Abstract

Exploiting instruction-level parallelism (ILP) is extremely important for achieving high performance in application specific instruction set processors (ASIPs) and embedded processors. Unlike conventional general purpose processors, ASIPs and embedded processors typically run a single application and hence must be optimized extensively for this in order to extract maximum performance. Further, low power and low cost requirements of ASIPs may demand reuse of pipeline stages causing pipelines with complex structural hazards. In such architectures, exploiting higher ILP is a major challenge to the designer. Existing techniques deal with either scheduling hardware pipelines to obtain higher throughput or software pipelining--an instruction scheduling technique for iterative computation--for exploiting greater ILP. We integrate these techniques to co-schedule hardware and software pipelines to achieve greater instruction throughput.
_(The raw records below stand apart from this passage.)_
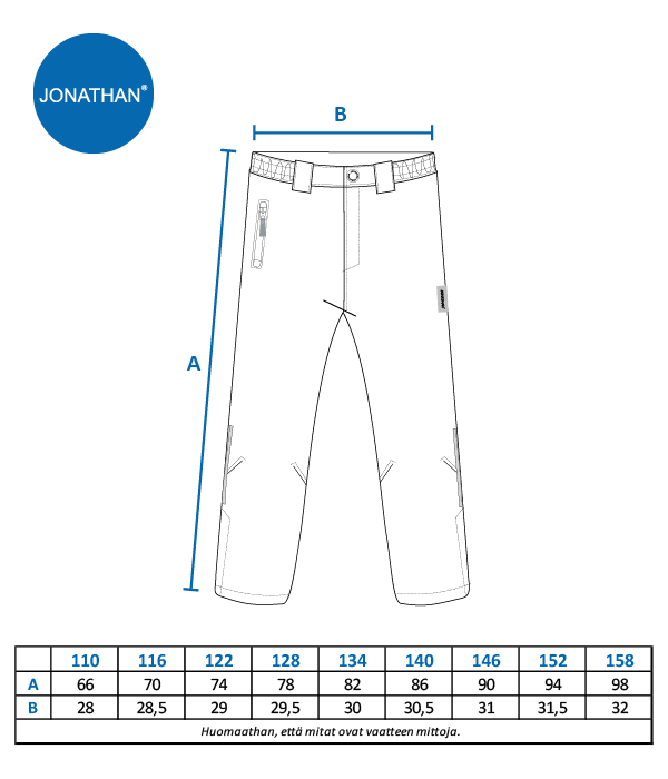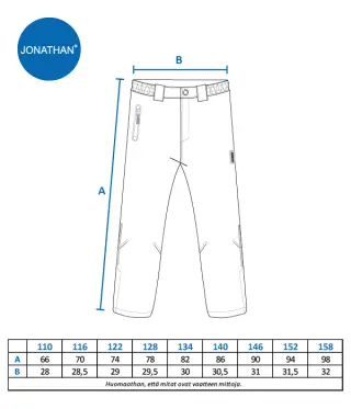 Jonathan softshell-housut välikauteen. Tuulenpitävät sekä vettä ja likaa hylkivät housut ovat nappi valinta ulkoiluun. Hengittävänä, notkeana materiaalina softshell on mitä mainioin valinta vauhdikkaisiin leikkeihin! Näissä housuissa on myös tilava reisitasku, jossa kaikki tarvittavat tavarat pysyvät menossa mukana.
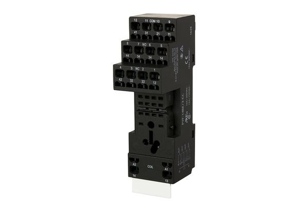 14-polige Relaisfassung mit Federzuganschlüssen für handelsübliche Industrierelais. Alle Metallteile sind gegen großflächige Berührung verdeckt angeordnet. Die Relaisfassung ist passend für Industrierelais MC274. Auf die Steckfassung können optional Elektronikmodule, wie LED- oder RC-Module aufgesteckt werden., Haltebügel optional, integrierte Schnellbefestigung für DIN-Schiene, Klemmenbezeichnung nach EN 50022, getrennter Ein- und Ausgang
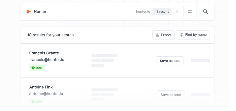 Hunter 可以通过客户的网站域名来查找与之相关的邮箱信息。您只需输入网站域名,Hunter 将自动搜索该网站上公开的邮箱地址,并提供结果。
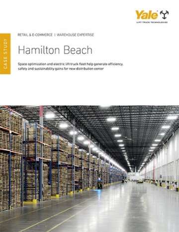 Hamilton Beach improved storage density, reduced product damage, and enhanced safety and sustainability by partnering with Yale Lift Truck Technologies and Black Equipment for their new distribution center.
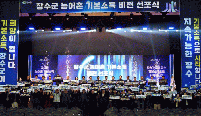 여기에 행사 참석자 전원이 ‘지속가능한 장수 기본소득으로 시작합니다’의 슬로건이 적힌 카드를 들어 올리며 환호로 화답하는 퍼포먼스가 펼쳐지며 전 군민 기본소득 시대 개막을 함께 기념했다.
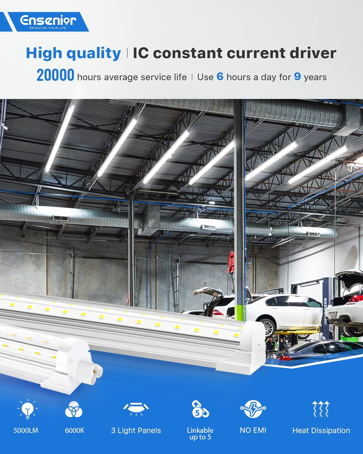 Ensenior 4 Pack 4 FT Led Shop Lights, 6000K Clear White, 5000LM Super Bright, 36W Equivalency 468W, Commercial Bay Lighting, U-Shaped Linkable Shop Lights Plug in for Garage, Workshop, FCC Certified
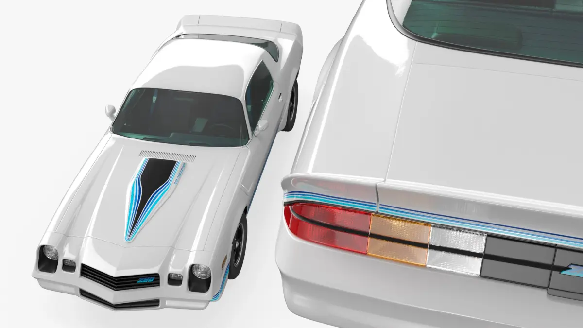 Chevrolet Camaro Z28 Retro Sports Car White Rigged for Cinema 4D is a three-dimensional model of classic American muscle car, that is a mid-size American automobile manufactured by Chevrolet, classified as a pony car.
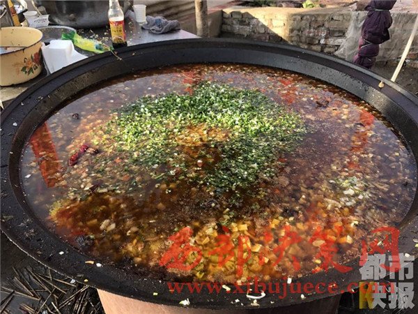 12月4日, 戶縣渭豐鎮(zhèn)元二村,村民們正在興高采烈的烹制著美味大餐,熱鬧非凡,頗有一種過大年的氣氛。熱氣騰騰的臊子面出鍋了,這第一碗面當(dāng)然要親手端給今天這場(chǎng)特殊宴會(huì)的主角——百歲老人段奶奶。
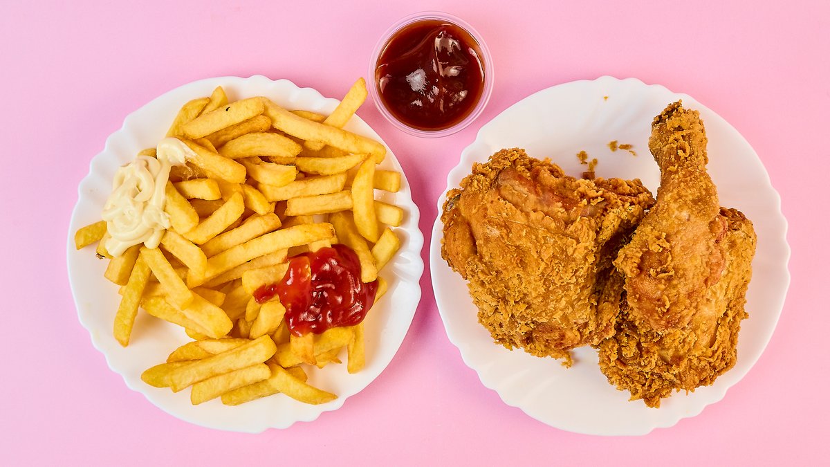 Menü mit 3 knusprigen Hähnchenkeulen, serviert mit Pommes und 1 Dip nach Wahl
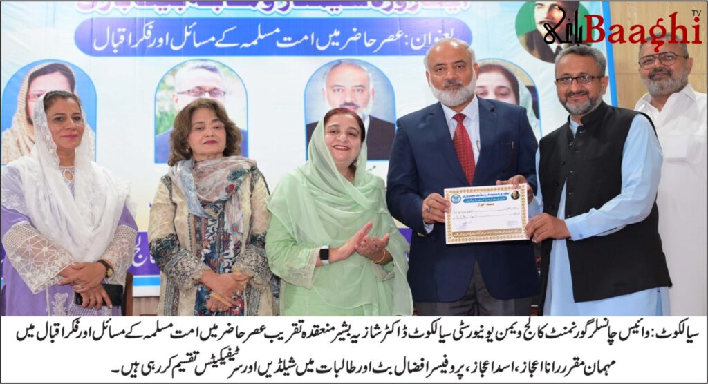 سیالکوٹ (باغی ٹی وی، بیوروچیف شاہد ریاض)گورنمنٹ کالج ویمن یونیورسٹی سیالکوٹ میں شاعر مشرق علامہ محمد اقبال کے یوم وفات کے موقع پر "عصرِ حاضر میں اُمتِ مسلمہ کے مسائل اور فکرِ اقبال” کے عنوان سے ایک فکری و ادبی سیمینار کا انعقاد کیا گیا۔ اس تقریب کا اہتمام اقبال چئیر، ڈائریکٹوریٹ آف سٹوڈنٹس افیئرز، اوورِک اور شعبہ اردو کے باہمی تعاون سے کیا گیا۔
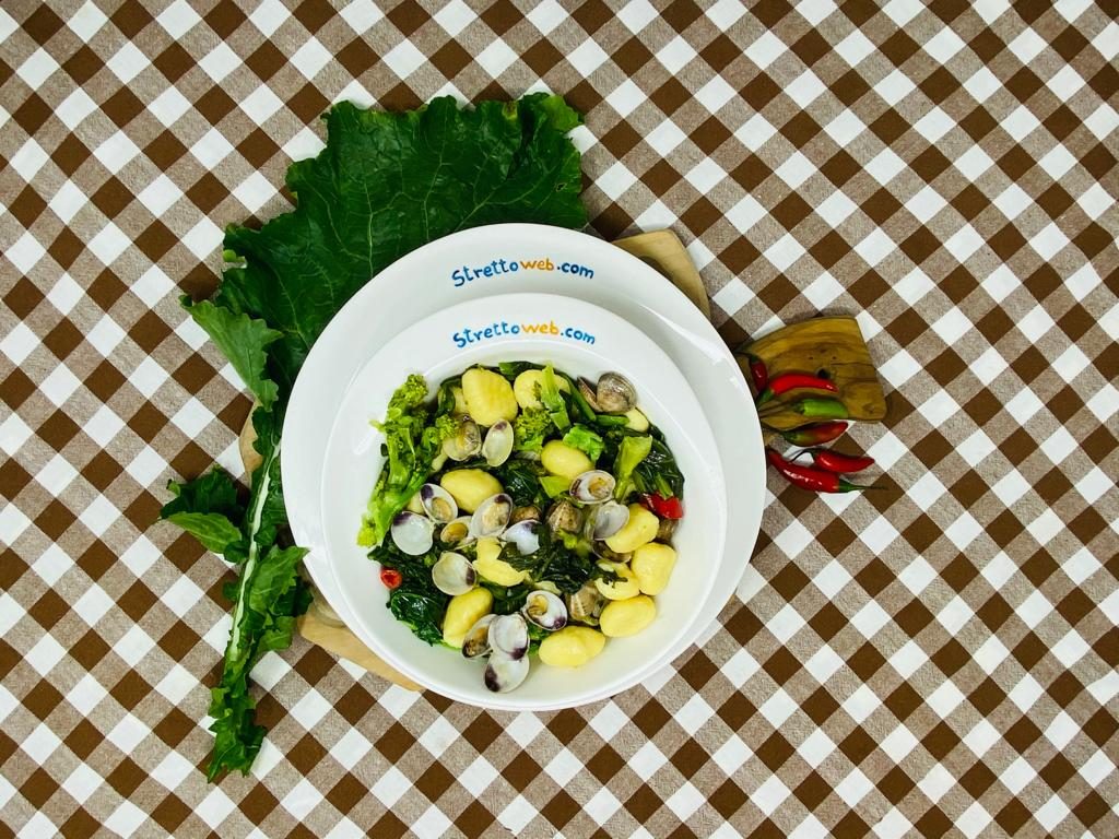 Un primo piatto molto saporito, gli gnocchi alle vongole e cime di rapa, in cui la piacevole consistenza degli gnocchi, il sapore intenso delle vongole e quello leggermente amaro delle cime di rapa creano un mix davvero unico. Come in altri piatti, l’unione di sapori mare terra offre davvero ottimi risultati!
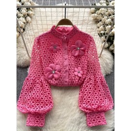 Women's Elegant Lace-Trimmed Semi-Sheer Long Sleeve Shirt - Stand Collar Button-Up Blouse with Chest Pockets, Lightweight 3-Season Top for Spring Summer Fall, Machine Washable, Casual Chic Wear, Sophisticated Detailing
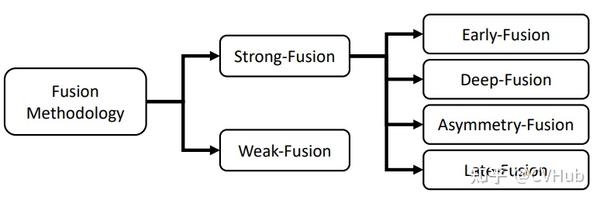 然而,最近的工作不能轻易地归类为这三类。因此,本文提出了一种新的分类法,将所有融合方法划分为强融合和弱融合,我们将在详细阐述。我们在图2中展示了它们之间的关系。
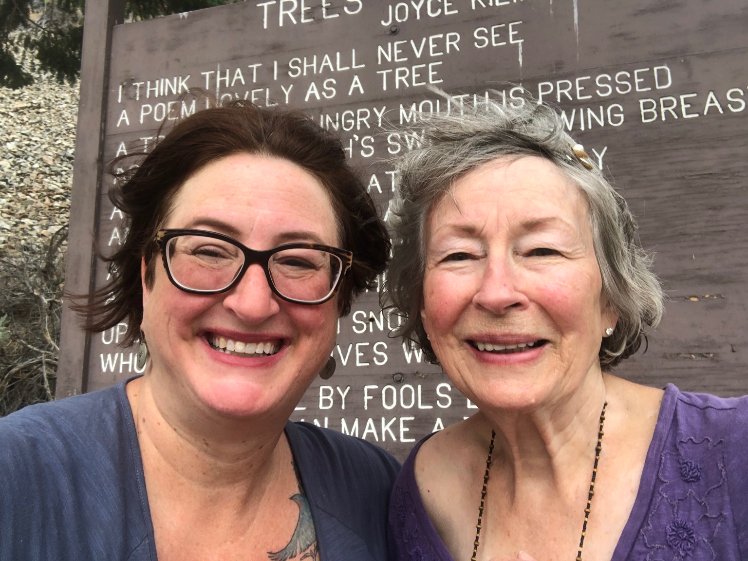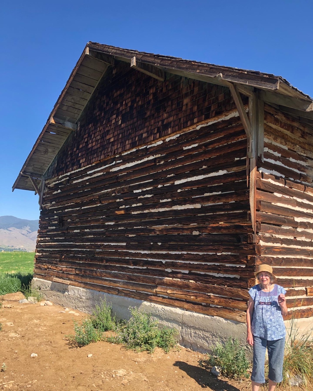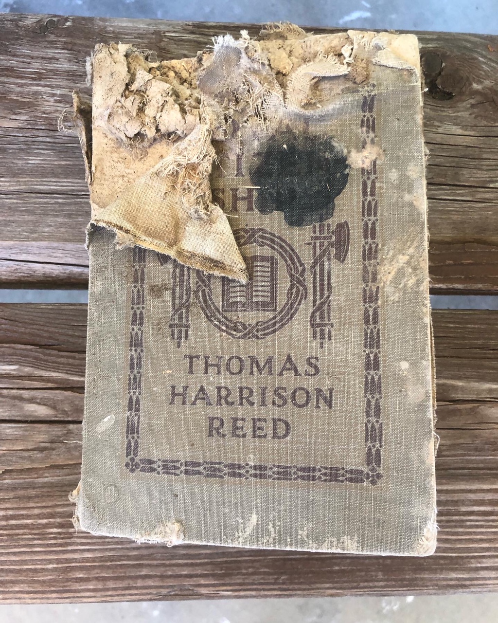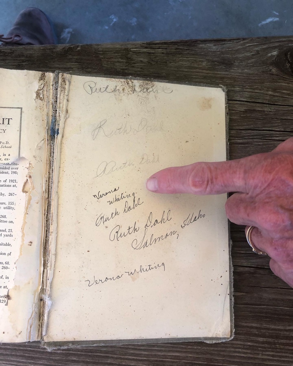 in the morning, we visited what we heard was the old schoolhouse on kirtley creek- a massive roughcut lumber and log creation circa 1928.  right before we left, the owner stopped by and said we should check out some old books that were still in the back of the building.  leon (age 80+ and 6-foot something) jumped the fence and scoured around until he found it:  a schoolbook from 1928 with aunt verona and our friend ruth’s names handwritten inside the back cover.  in that delicate cursive of the time.  the ladies squealed with joy.  a stroke of provenance.
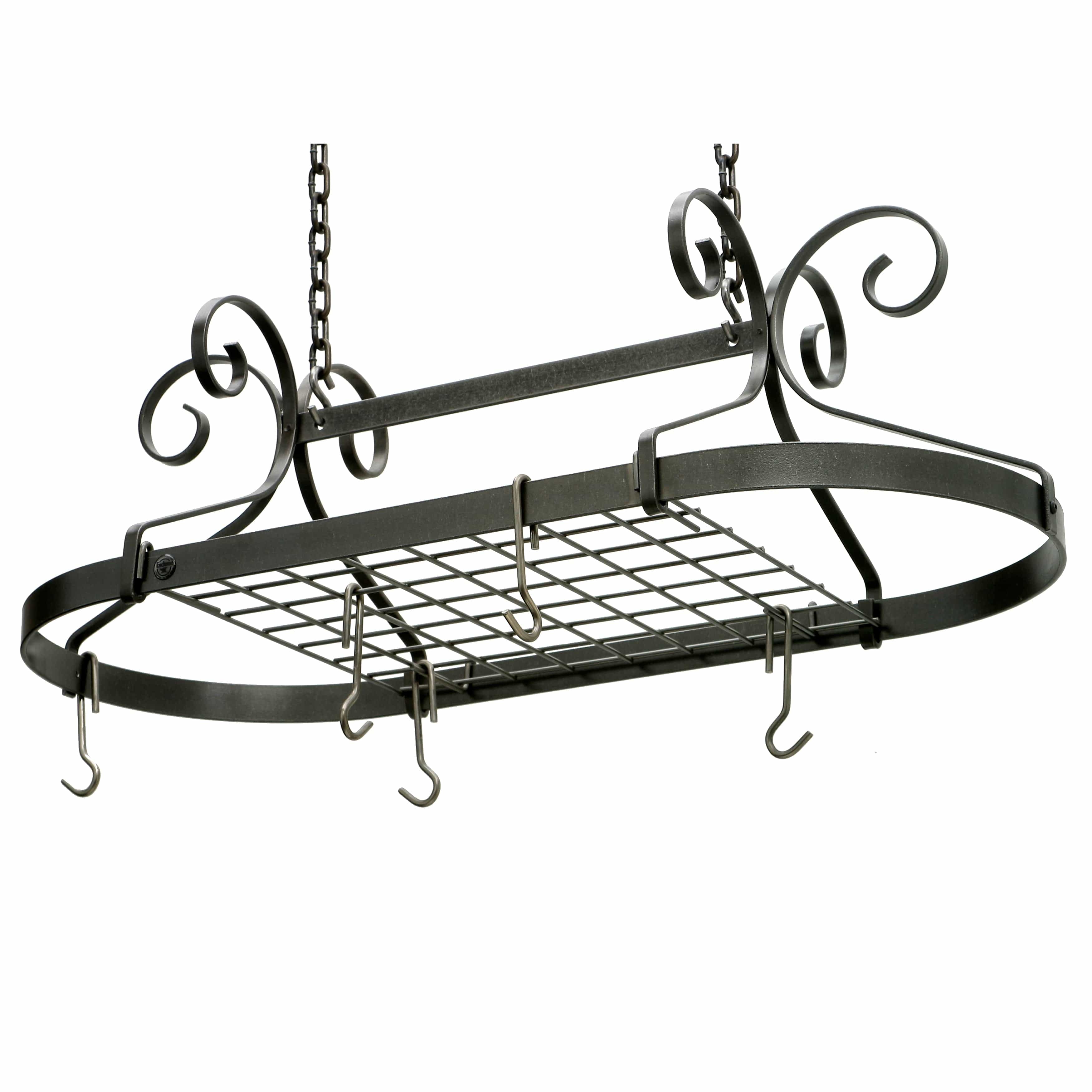 The Enclume Scrolled Oval Pot Rack with Hammered Steel Finish is a stylish and decorative kitchen storage solution, handcrafted in the USA. Here are some key features and details about this ceiling pot rack: Materials - The pot rack is constructed from high-quality Carbon Steel. This material is known for its strength and durability. The hammered steel finish adds a unique and authentic finish. Design - The Scrolled Oval design of this pot rack is not only functional but also decorative. It features an elegant and stylish look that can enhance the overall aesthetics of your kitchen. Included Accessories - This pot rack comes fully assembled and includes several accessories to help you organize your kitchenware. It comes with a grid, 4 grid brackets, 12 straight Multi-Purpose Pot Hooks, 2 S-Hooks, 2 pieces of 6" Decor Chain, and 2 Ceiling Screw Hooks. These accessories provide flexibility in how you hang and store your cookware. In summary, the Enclume Scrolled Oval Pot Rack is a combination of style and functionality. It's made from high-quality materials and features a distinctive hammered steel finish. The included accessories and easy installation make it a convenient and visually appealing addition to your kitchen, allowing you to efficiently store and display your pots and pans.
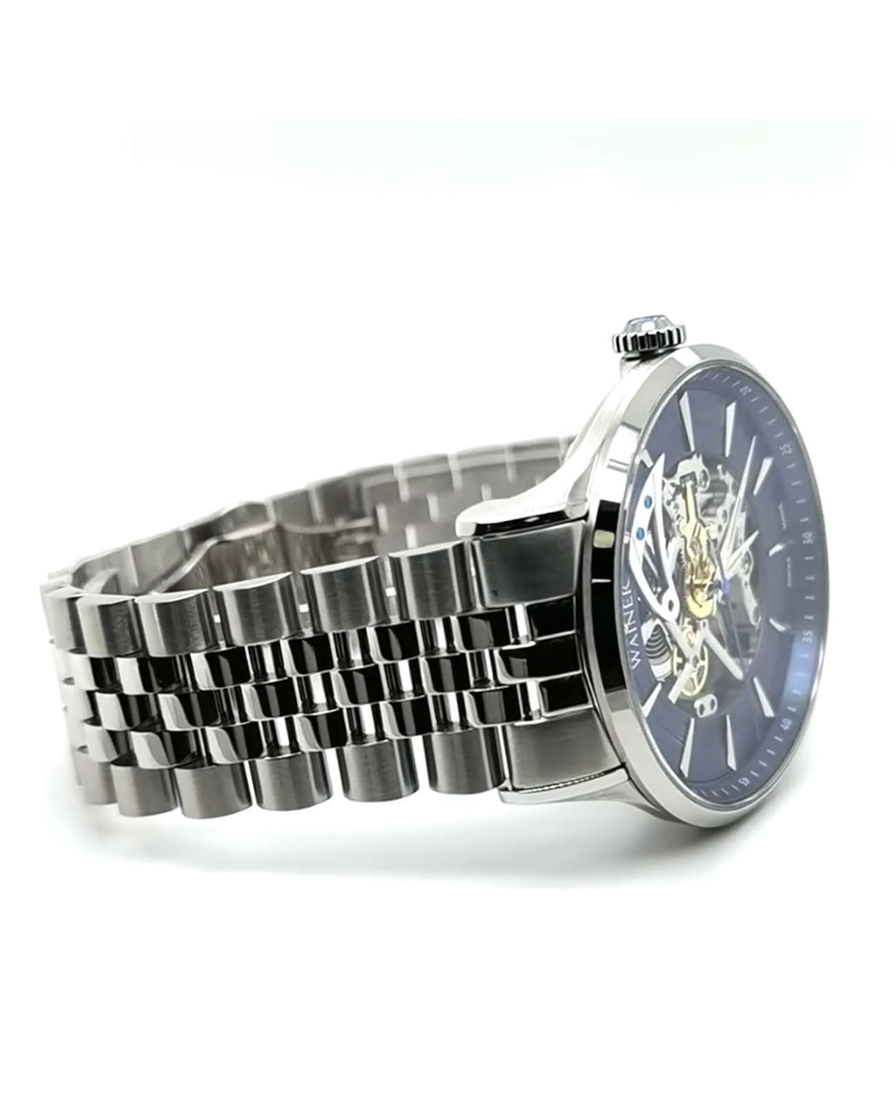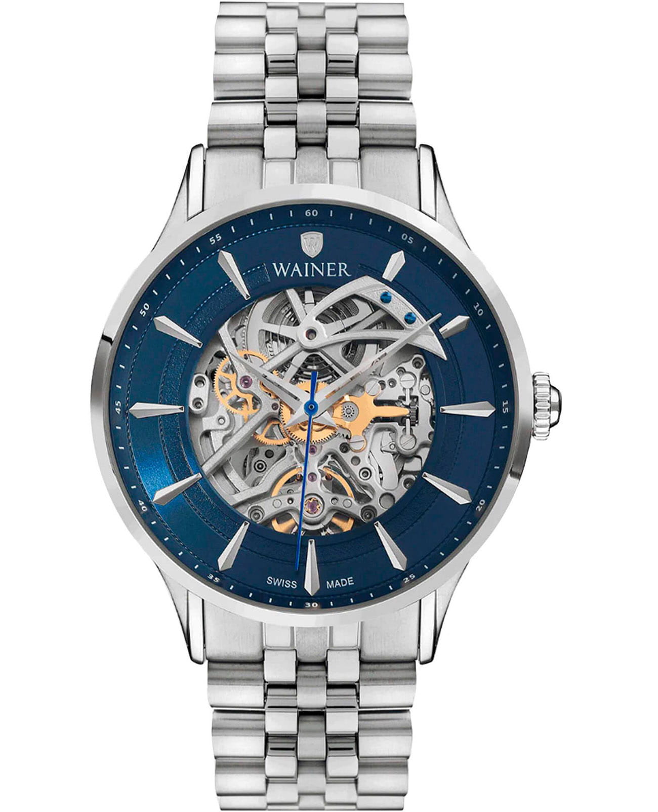 Механические часы-скелетоны Wainer WA.25705-B. Корпус и браслет выполнены из нержавеющей стали 316L. Сапфировое стеклоСапфировое стеклоПрочный и надёжный материал из кристалла сапфира синтетического происхождения, характеризующийся особой твёрдостью и устойчивостью к царапинам и повреждениям.. Водозащита: 50 метров, позволит защитить корпус от случайных брызг или капель дождя. Браслет на раскладной застёжкеРаскладная застёжкаТакой тип застёжки используется только на браслетах из металла. Она никогда не раскрывается полностью, происходит разделение на 2 и более частей. Раскладывающая застёжка снизит вероятность потери часов к минимуму..
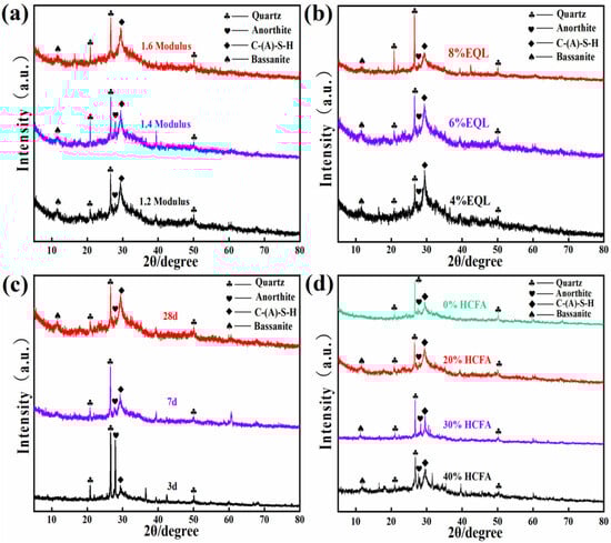 XRD plots of composite cementitious materials with 20% HCFA: (a) −8% alkali equivalent at different moduli for 28 d; (b) modulus 1.2 at different alkali equivalents for 28 d; (c) moduli at different ages; and (d) moduli at different amounts of HCFA for 28 d.
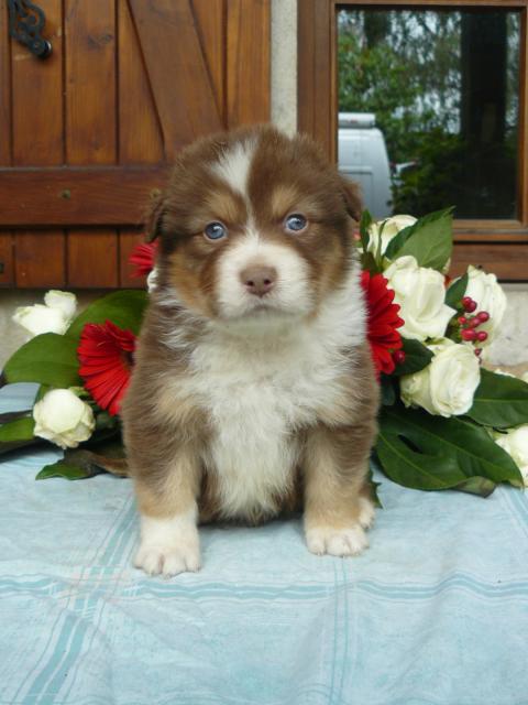 il y a 3 semaine j'ai eu un berger australien quand il avez 2 mois et maintenant il a 3 mois et déjà propre il aime les câlins il est joueur et aussi il s'entent bien avec mes autre animaux c'est super comme chien

In this paper, we develop the underlying theory of Co-Scheduling, called the Modulo-Scheduled Pipeline (or MS-Pipeline) theory. More specifically, we establish the necessary and sufficient condition for achieving the maximum throughput in a given pipeline operating under modulo scheduling. Further, we establish a sufficient condition to achieve a specified throughput, based on which we also develop a methodology for designing the hardware pipelines that achieve such a throughput. Further, we present initial experimental results which help to establish the usefulness of MS-pipeline theory in software pipelining. As the proposed theory helps to analyze and improve the throughput of Modulo-Scheduled Pipelines (MS-pipelines), it is especially useful in designing ASIPs and embedded processors.